Vous voulez savoir ce qui me terrifie ? Ce n’est pas l’armada. Ce n’est même pas la menace d’une guerre. C’est l’impression que personne ne contrôle vraiment la situation. Trump tweete des ultimatums depuis son avion. Khamenei parle de « mater les émeutiers ». Les généraux ont le « doigt sur la gâchette ». Et au milieu de tout ça, des millions de gens ordinaires — Iraniens, Américains, Européens, Arabes — qui regardent ce spectacle en espérant que les adultes vont finir par reprendre le contrôle. Sauf qu’il n’y a peut-être pas d’adultes. Il n’y a que des hommes avec trop de pouvoir et pas assez de sagesse. Et nous, on regarde, impuissants, en priant pour que ça ne dérape pas.

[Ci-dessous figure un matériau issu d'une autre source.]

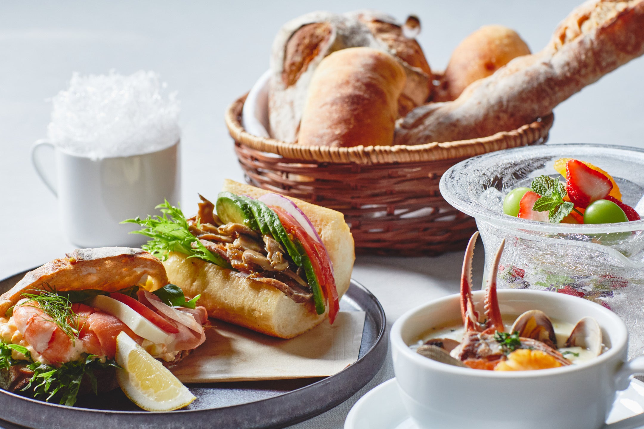 朝一番の滑走後は、霧氷テラスにある「雲Cafe」にて、霧氷が作り出す雪山の絶景を鑑賞しながら、ゆっくりと絶景ブランチを味わいます。蟹、ホタテなど北海道の海鮮が入ったクラムチャウダーは、冷えた身体を芯から温めてくれる贅沢なスープです。また、厚切りのジンギスカンを挟んだジンギスカンサンド、サーモンとエビを挟んだボリューム満点なサーモンシュリンプサンドは、滑走後の空腹を満たしてくれます。雪景色の中、パウダースノー滑走後の余韻に浸りながら食べる絶景ブランチは、トマムならではの贅沢です。
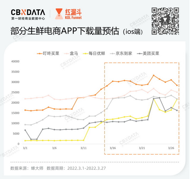 “这几天我手机里多了一堆生鲜APP,每个平台抢菜时间不一样,需要轮流蹲守”,小区正在封锁期的小兰告诉CBNData。她的情况也是大多数隔离民众的现状。据蝉大师显示,以ios端为例,3月中旬以来,生鲜电商APP的下载量迎来了新的高峰。
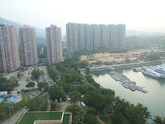 房间右手边望出去橘色房子区域是黄金海岸商场,有超市、茶餐厅、西餐厅。
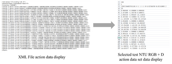 Because the NTU RGB + D action recognition dataset is a dataset trained with data features, which is consistent with the idea of extracting hand actions features and saving them with data described above, and the NTU RGB + D action recognition dataset has a huge basic database, the data of the data glove stored in the XML file above are integrated into the data of the NTU RGB + D dataset.
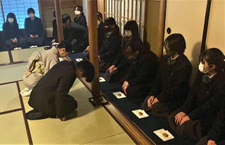 | 3組4組の生徒は,2月1日(木)に訪問させていただきました。 もてなす側(クラス)ともてなされる側(クラス)に分かれて作法を学びました。所作の一つひとつの意味を,丁寧に教えていただきました。 |

Les alliés du Golfe entre deux feux
La position des pays du Conseil de coopération du Golfe est d’une complexité byzantine. D’un côté, ce sont des alliés stratégiques des États-Unis, liés par des décennies de partenariats militaires et économiques. De l’autre, ils partagent leurs eaux territoriales avec l’Iran et savent qu’ils seraient les premiers à subir les conséquences d’un conflit. L’Arabie Saoudite et les Émirats ont investi des milliards dans leurs systèmes de défense antimissile, conscients de la menace iranienne. Mais même les meilleures défenses ne peuvent pas tout arrêter. Les frappes des Houthis sur les installations pétrolières saoudiennes en 2019 l’ont prouvé. Une guerre totale avec l’Iran serait infiniment plus dévastatrice. Même le Premier ministre israélien Benjamin Netanyahu, pourtant farouchement anti-iranien, aurait conseillé la prudence à Trump selon certaines sources.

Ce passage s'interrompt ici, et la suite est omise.